As far as indenting goes, there are two styles, the trailing curly style and the "line up the curlies" style.

foreach my $file (@file_list)
{
   code here...
}
or
foreach my $file (@file_list){
   code here...
}
[download]

Many folks find the first way easier to use as you can tell at simple glance whether you've got matched curly braces or not. And for that reason, I recommend this way for all beginners. Either way is considered acceptable. But use one way, do not combine ways - consistency is important.

For indentation number of spaces, use 3 or 4. Two is too few and 5 or more adds nothing to understandability. The academic papers on this say that there is a slight advantage to 4 over 3 spaces. But the difference is not enough to "write home to mom about". Never use tab characters because number of spaces in a "tab" is highly variable between systems and there is no longer any reason to conserve a few bytes of blanks by using a single tab character. Note: you can set your editor to "convert tabs to spaces" and set tab stops to increments of 3 or 4 spaces.

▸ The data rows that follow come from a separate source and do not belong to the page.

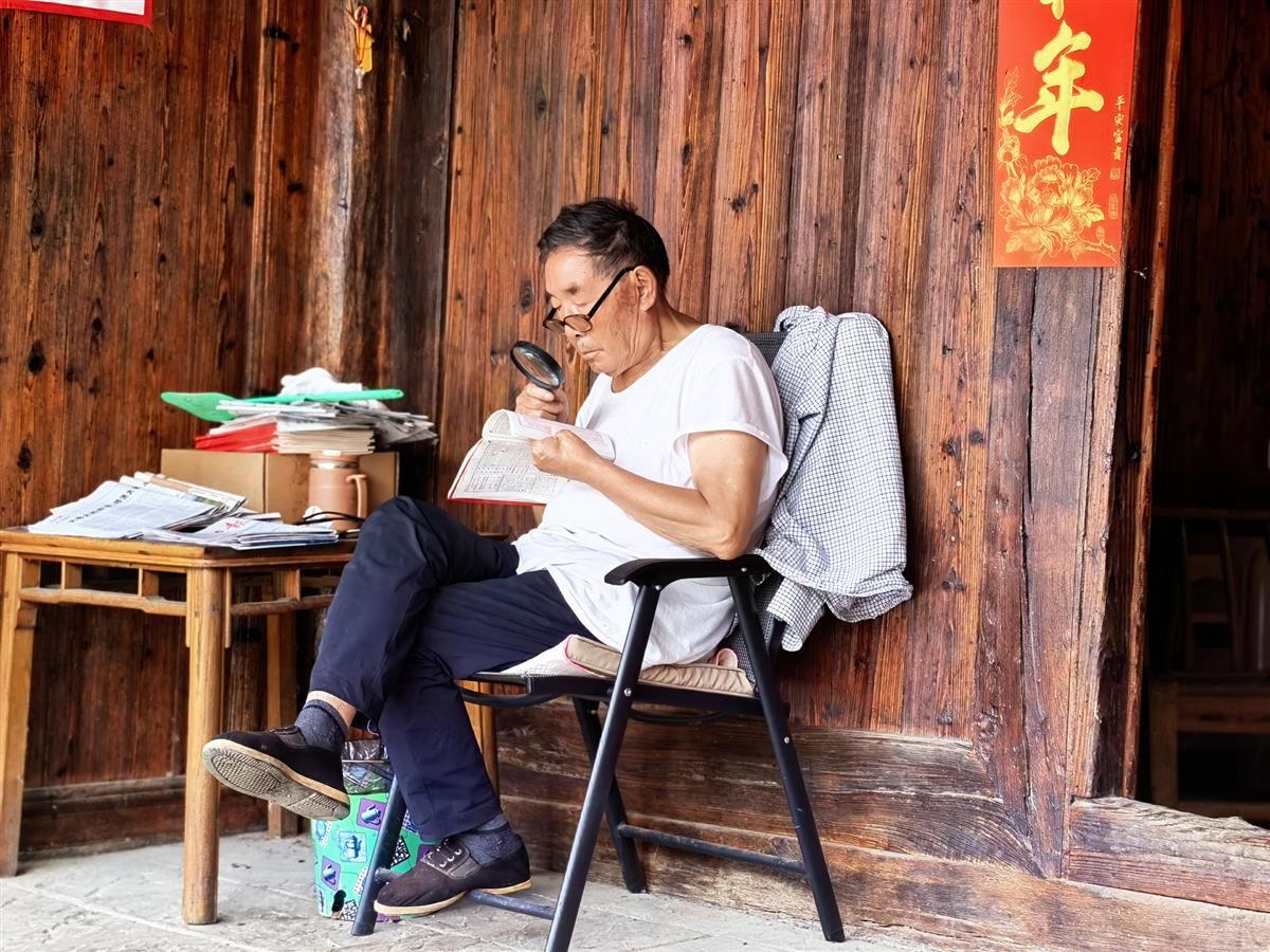 退休后种了28年地,罗官章的脸被晒成了古铜色,远看就像一尊泥塑。但他仍然坚持每天读书看报,把习近平总书记“空谈误国、实干兴邦”的指示手抄后贴到墙上。
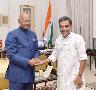 The Minister for Human Resource Development, Shri Upendra Kushwaha calling on the President of India, Shri Ram Nath Kovind, at Rashtrapati Bhavan on October 23, 2017.
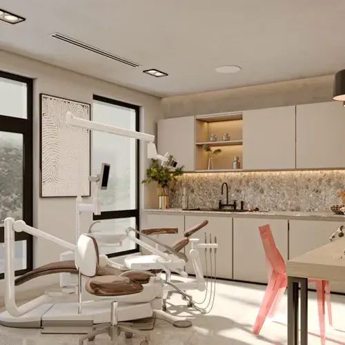 الواجهات الزجاجية الواسعة توفر إضاءة طبيعية غنية مما يعزز شعور الهدوء والاسترخاء بينما توزيع العيادات والمرافق الطبية داخل المبنى يعكس تخطيطا ذكيا يضمن الراحة والخصوصية في نفس الوقت.

Don't attempt to get "overly tricky" or brief. Perl is short enough without doing that. I was surprised that my $search = shift || '/home/files/Input_test1'; actually worked. The command line args are in an array called @ARGV. my $search = shift @ARGV || '/home/files/Input_test1'; better conveys the intent. Also of course, @_ is context dependent - your code won't work if I put it in a subroutine.

There are many places where the parens, () around function arguments can be eliminated - this is true of the "built-in" functions, like shift above. There is no need to write: shift (@ARGV). There are ways to define user functions that can mimic built-in functions and allow the omission of parens - that doesn't mean that omitting parens everywhere you can is a good idea. find() is defined in the File::Basename module and your use statement actually imported that function name (find). I would use parens when calling it because it is not a built-in function. Some folks figure that never using parens around built-in functions is a good idea. My opinion is more measured - meaning "sometimes this a good idea when clarity is enhanced".

Update:I got off the track of the original question... Some ideas for you...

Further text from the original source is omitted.